Michael Abrash has already attempted what most people said was impossible -- to build a full software 3D renderer that runs modern games at reasonable framerates. In other words, to make a general purpose CPU compete in a completely unfair fight against a highly specialized GPU. He's effectively accomplished that, and his company sells it as a product called Pixomatic:
In this three-part article, I discuss the process of optimizing Pixomatic, an x86 3D software rasterizer for Windows and Linux written by Mike Sartain and myself. Pixomatic was perhaps the greatest performance challenge I've ever encountered, certainly right up there with Quake. When we started on Pixomatic, we weren't even sure we'd be able to get DirectX 6 features and performance, the minimum for a viable rasterizer. I'm pleased to report that we succeeded. On a 3 GHz Pentium 4, Pixomatic can run Unreal Tournament 2004 at 640â—Š480, with bilinear filtering enabled. On slower processors, performance is of course lower, but by rendering at 320â—Š240 and stretching up to 640â—Š480, Unreal Tournament 2004 runs adequately well -- even on a 733-MHz Pentium III.
Pixomatic is documented in an excellent series of Dr. Dobbs articles. It's fascinating reading; even though I know zero about assembly language, Michael's language of choice, he's a fantastic writer.

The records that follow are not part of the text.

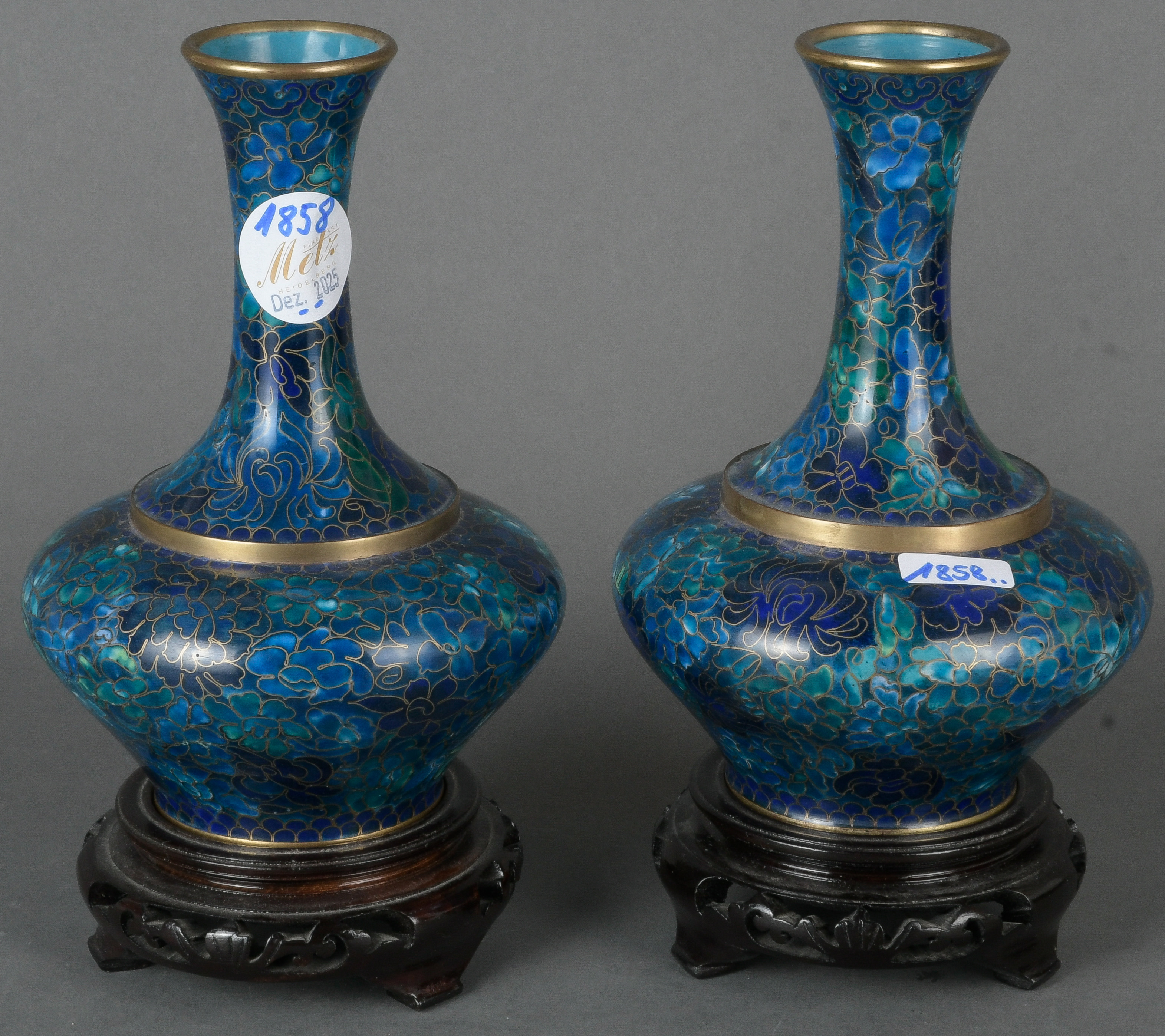 - Katalog-Nr: 1858Zwei Vasen auf Holzsockel. Asien. Messing, bunt emailliert, H=je 22 cm.o.L.
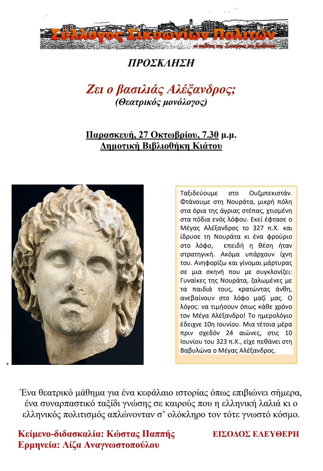 Ο Σύλλογος Σικυωνίων Πολιτών παρουσιάζει το θεατρικό μονόλογος «Ζει ο βασιλιάς Αλέξανδρος;».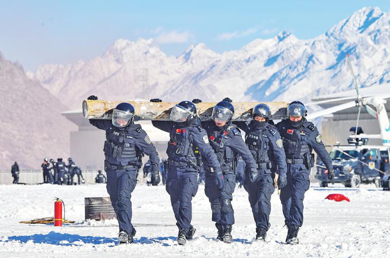 新年伊始,甘孜州公安局特警支队抓住高原气候寒冷的特点,组织开展重点难点科目训练,采取超负荷、超极限、超强度的措施,切实解决“训什么,怎么训,训到什么标准”的问题,着力培养一批精技能、懂教学、会组训的“行家里手”,切实提高“雪狼”特警队员的实战本领,确保随时拉得出、打得赢。

That old adage about the subject not mattering when you have a great teacher has never been truer.
I remember trying out Pixomatic briefly four years ago. Those CPUs he's talking about seem awfully quaint now, and that made me curious: how fast is the Pixomatic software renderer on today's CPUs? My current box is a Core 2 Duo (wolfdale) running at 3.8 GHz. So I downloaded the Unreal Tournament 2004 demo (still fun, by the way!), and followed the brief, easy instructions provided to enable the Pixomatic software renderer. It's not complicated:
ut2004.exe -software
One word of warning. Be sure you have an appropriate resolution set before doing this! I was playing at 1920x1200 initially, and that's what the software renderer defaulted to. And here's the shocker: it was actually playable! I couldn't believe it. It wasn't great, mind you, but it was hardly a slideshow. I tweaked the resolution down to something I felt was realistic: 1024x768. I turned on framerate display by pressing ...
~ stat fps
... from within the game. This Pixomatic software rendered version of the game delivered a solid 40-60 fps experience in capture the flag mode. It ran so well, in fact, that I decided to bump up the detail -- I enabled 32-bit color and bilinear filtering by editing the ut2004.ini
file:
[PixoDrv.PixoRenderDevice] FogEnabled=True Zoom2X=False SimpleMaterials=True LimitTextureSize=True LowQualityTerrain=False TerrainLOD=10 SkyboxHack=True FilterQuality3D=3 FilterQualityHUD=1 HighDetailActors=False SuperHighDetailActors=False ReduceMouseLag=True DesiredRefreshRate=0 DetailTexMipBias=0.000000 Use16bitTextures=False Use16bit=False UseStencil=False UseCompressedLightmaps=False DetailTextures=False UsePrecaching=True
Once I did this, the game looked totally respectable. Eerily reminiscent in visuals and performance to the classic, early Voodoo and Voodoo 2 cards, actually.
(If you think this looks bad, check out Doom 3 running on an ancient Voodoo 2 setup. It's certainly better than that!)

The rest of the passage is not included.